Lawmakers, Environmental Groups Sought Time To Study Facilities' Effect on State's Electrical Grid

Switch owns this data center near the Atlanta suburb of Lithia Springs, Georgia. Behind the Switch facility is an 808,000-square-foot data center that Google owns. (CoStar)
Switch owns this data center near the Atlanta suburb of Lithia Springs, Georgia. Behind the Switch facility is an 808,000-square-foot data center that Google owns. (CoStar)

Data center developers will keep getting a tax break in Georgia after the state’s governor vetoed a measure that would have suspended the incentive for two years, a move that shows how the surging nationwide demand and concerns about power needs are spilling into the political arena.

Georgia's Republican governor, Brian Kemp, said the legislation would have stymied the state’s booming data center industry. Supporters of the measure said they wanted to suspend the tax break to study its effect on the state’s electrical grid.

Metropolitan Atlanta is one of the largest data center markets in the United States, and ongoing developments will more than double the market’s existing space, according to JLL’s recent North American Data Center report. Trammell Crow Co. last month applied for state approval to develop a seven-building, 2.3 million-square-foot data center campus near the Atlanta suburb of Douglasville, Georgia.

Blackstone's QTS subsidiary owns this data center in the Atlanta suburb of Suwanee, Georgia. (CoStar)

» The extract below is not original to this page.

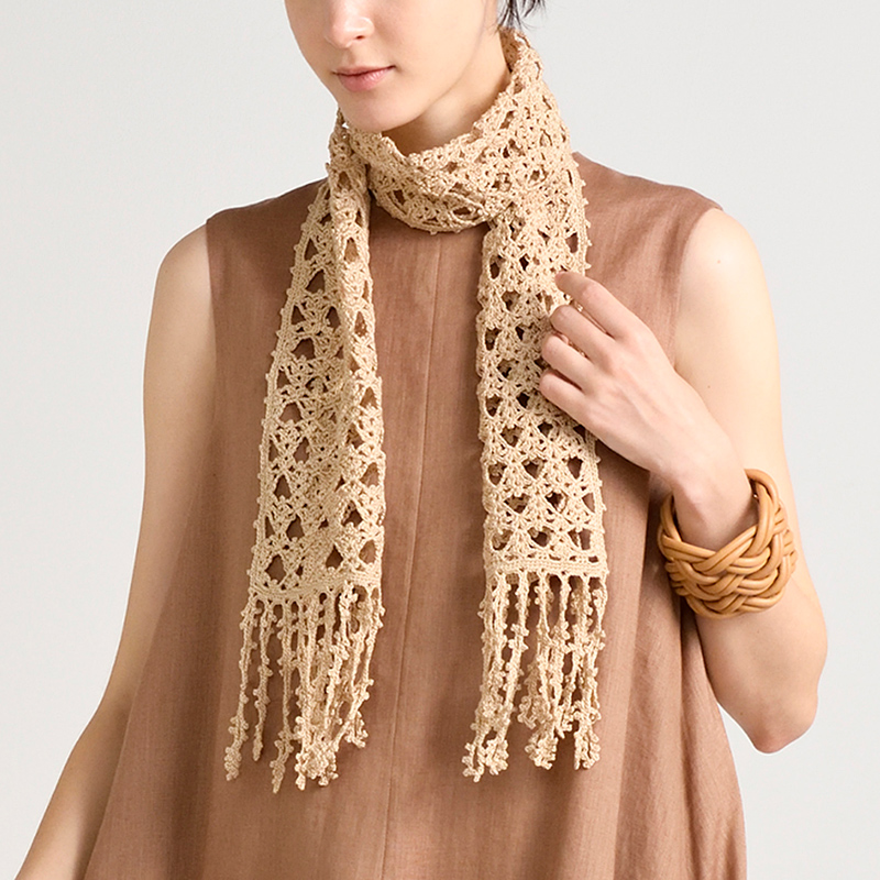 ネイビータイプは、幅広ショールの半分の幅ですっきりと仕上げました。 濃色のショールは、膨張して見える春色服をキリリと引き締めるポイントにもなるアイテム。縁編みの鎖の輪に、フリンジを通しています。

An industry group that represents Google, Equinix, Digital Realty and other data center developers and tenants lobbied Kemp to reject the tax-break suspension.

The legislation would have undermined “the investments made by high-technology data center operators, customers, and other stakeholders … and [inhibited] important infrastructure and job development,” Kemp said in a statement.

Commercial property developers, however, have warned that electric utilities don’t have enough capacity to fuel data centers’ huge and growing power needs. In addition, artificial intelligence requires even greater supplies of power, according to architects who design data centers.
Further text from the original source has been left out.